Of romance, passion and the child, to realms,

Democracies, republics; never flags

To make them brighter, freer, so to spread

Its ecstasy to all, and take in turn

Redoubled ecstasy! The tragedy

Is that this Elenor for her mother gift

Is cursed and tortured, sent a wanderer;

And in her death must find much clinging mud

Around the pearl of her. If that be mud,

Which we have heard, around her, is it mud

That weights the soul of America, the pure

Dream of our founders? Larger Athens, where

All things should be heard gladly and considered,

And men should grow, be forced to grow, because

Not driven or restrained by usages,

Or laws of mad majorities, but left

At their own peril to work out their lives....

Well, gentlemen, I'll tell you what I've learned.

What is a man or woman but a sperm

Accreted into largeness? Still a sperm

In likeness, being brain and spinal cord,

Fed by the glands, the thyroid and the rest,

Whose secrets we are ignorant of. We know

That when they fail our minds fail. But the glands

Are visible and clear: but in us whirl

Emotions; fear, disgust, murder or wrath,

Traced back to animals as moods of flight

Repulsion, curiosity, all the rest.

Now what are these but levers of our machine?

Elenor Murray teaches this to me:

Build up a science of these levers, learn

To handle fear, disgust, anger, wonder.

They teach us physiology; who teaches

The use of instincts and emotions, powers?

All learning may be that, but what is that?

Why just a spread of food, where after nibbling

You learn what you can eat, and what is good

For you to eat. You'll see a different world

When this philosophy of levers rules.”...

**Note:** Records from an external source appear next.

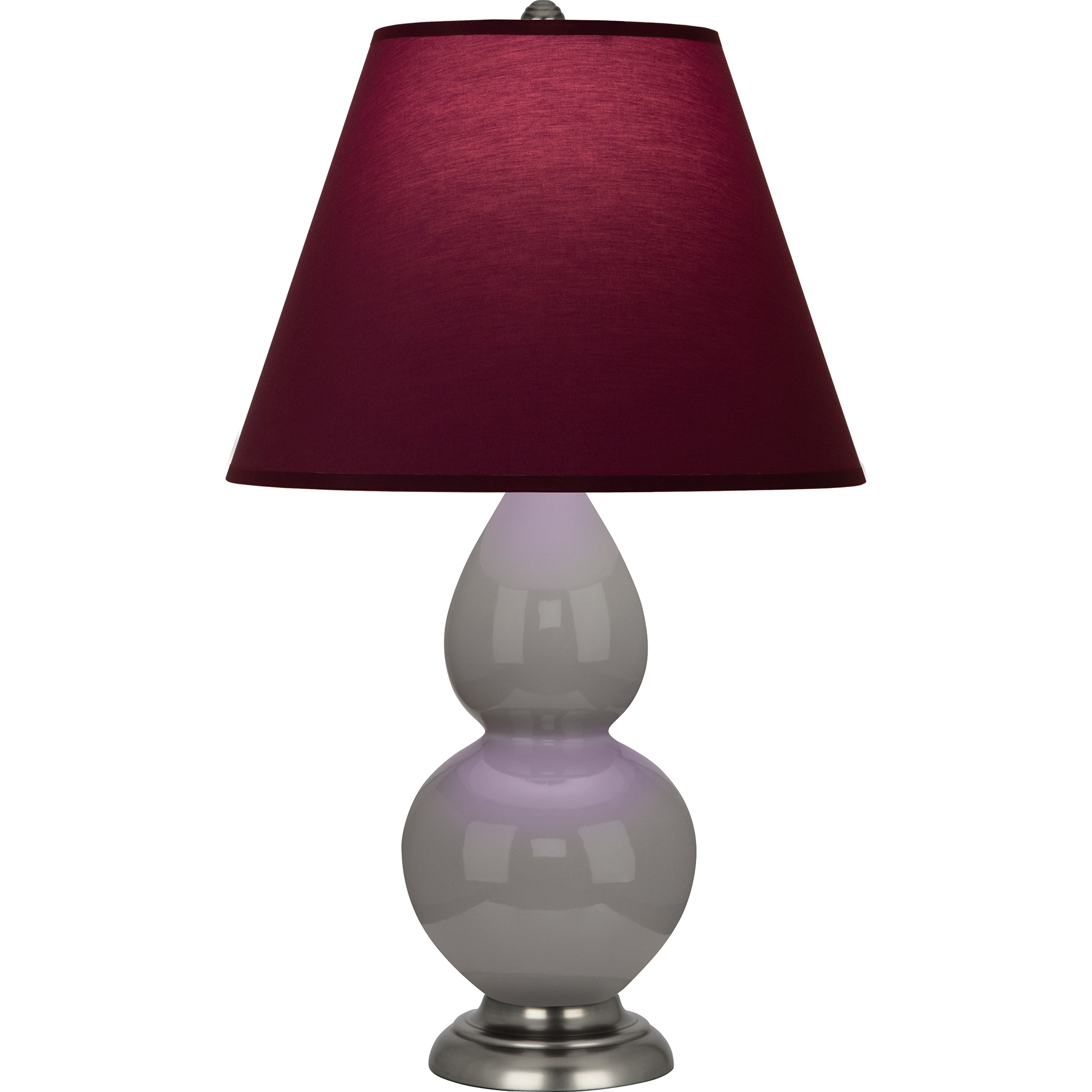 Smokey Taupe Glazed Ceramic With Antique Silver Finished Accents Small Double Gourd Accent Lamp With Plum Fabric Shade with Lavender Lining - Our Double Gourd collection features a simple but gracefully curving silhouette. Available in a wide array of vibrant colors and several different base finishes.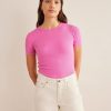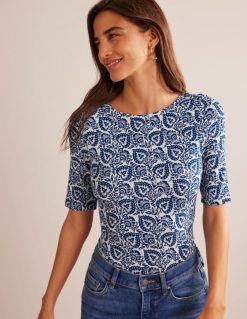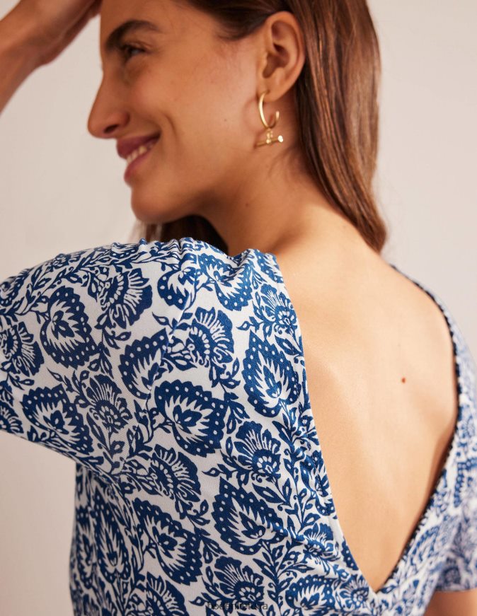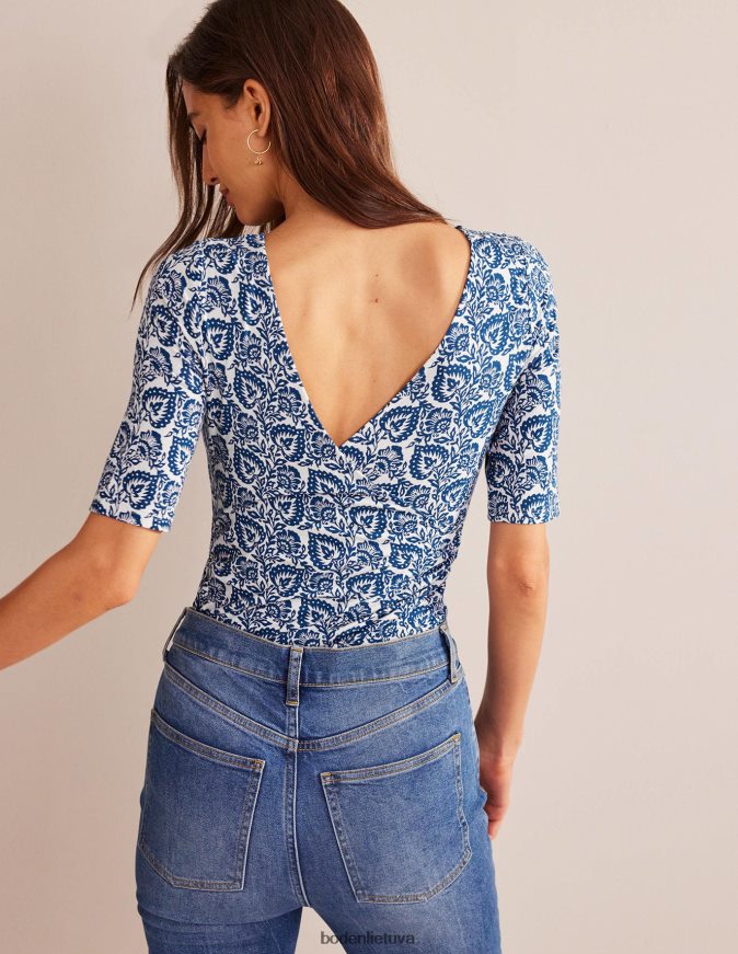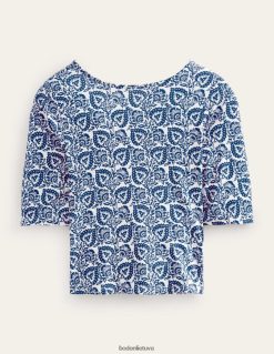 Apvyniota šio viršaus nugarėlė sukuria švelniai prigludusią formą. jis pagamintas iš minkšto džersio su įtempta iškirpte ir trumpomis rankovėmis.
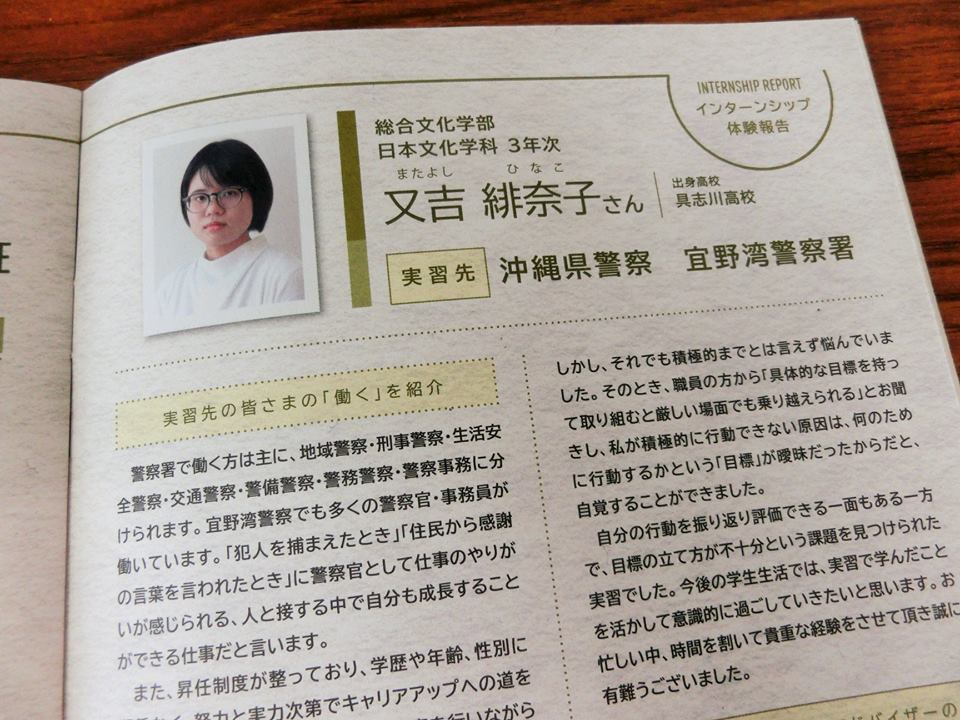 そんな学生たちを代表して、3年生の又吉さんが作成したインターンシップ報告書が、沖縄国際大学学報の最新号に大きく掲載されていたのでこちらでもご紹介します。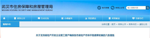 房訊網(wǎng)訊 3月23日,武漢市住房保障和房屋管理局發(fā)布《關(guān)于支持房地產(chǎn)開發(fā)企業(yè)復工復產(chǎn)確保我市房地產(chǎn)市場平穩(wěn)健康發(fā)展的六條措施》,全力支持房地產(chǎn)開發(fā)企業(yè)開工復產(chǎn)。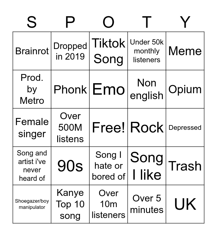 This bingo card has a free space and 24 words: 90s, Kanye Top 10 song, Emo, Shoegazer/boy manipulator, Meme, Brainrot, Prod. by Metro, Dropped in 2019, Rock, Song I hate or bored of, Non english, Female singer, Song I like, Trash, Phonk, Over 5 minutes, Depressed, Tiktok Song, Opium, Over 500M listens, UK, Song and artist i've never heard of, Under 50k monthly listeners and Over 10m listeners.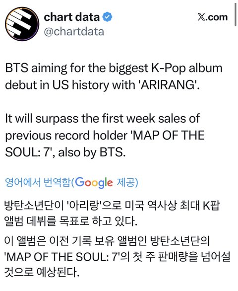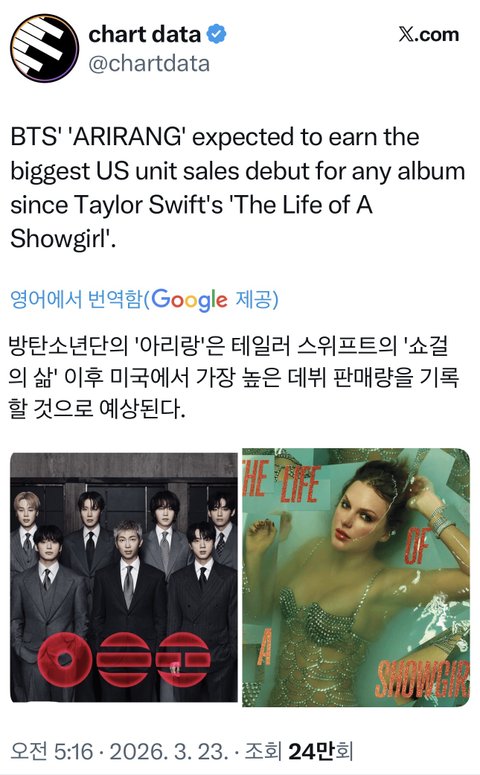 빌보드200 차트 1위예측인듯

Then Merival tacked round and said: “I'll show

The riffles in my life from Elenor Murray:

The politicians give me notice now

I cannot be the coroner again.

I did n't want to be, but I had planned

To go to Congress, and they say to that

We do not want you. So my circle turns,

And riffles back to breeding better hogs,

And finer cattle. Here's the verdict, sign

Your names, and I'll return it to the clerk.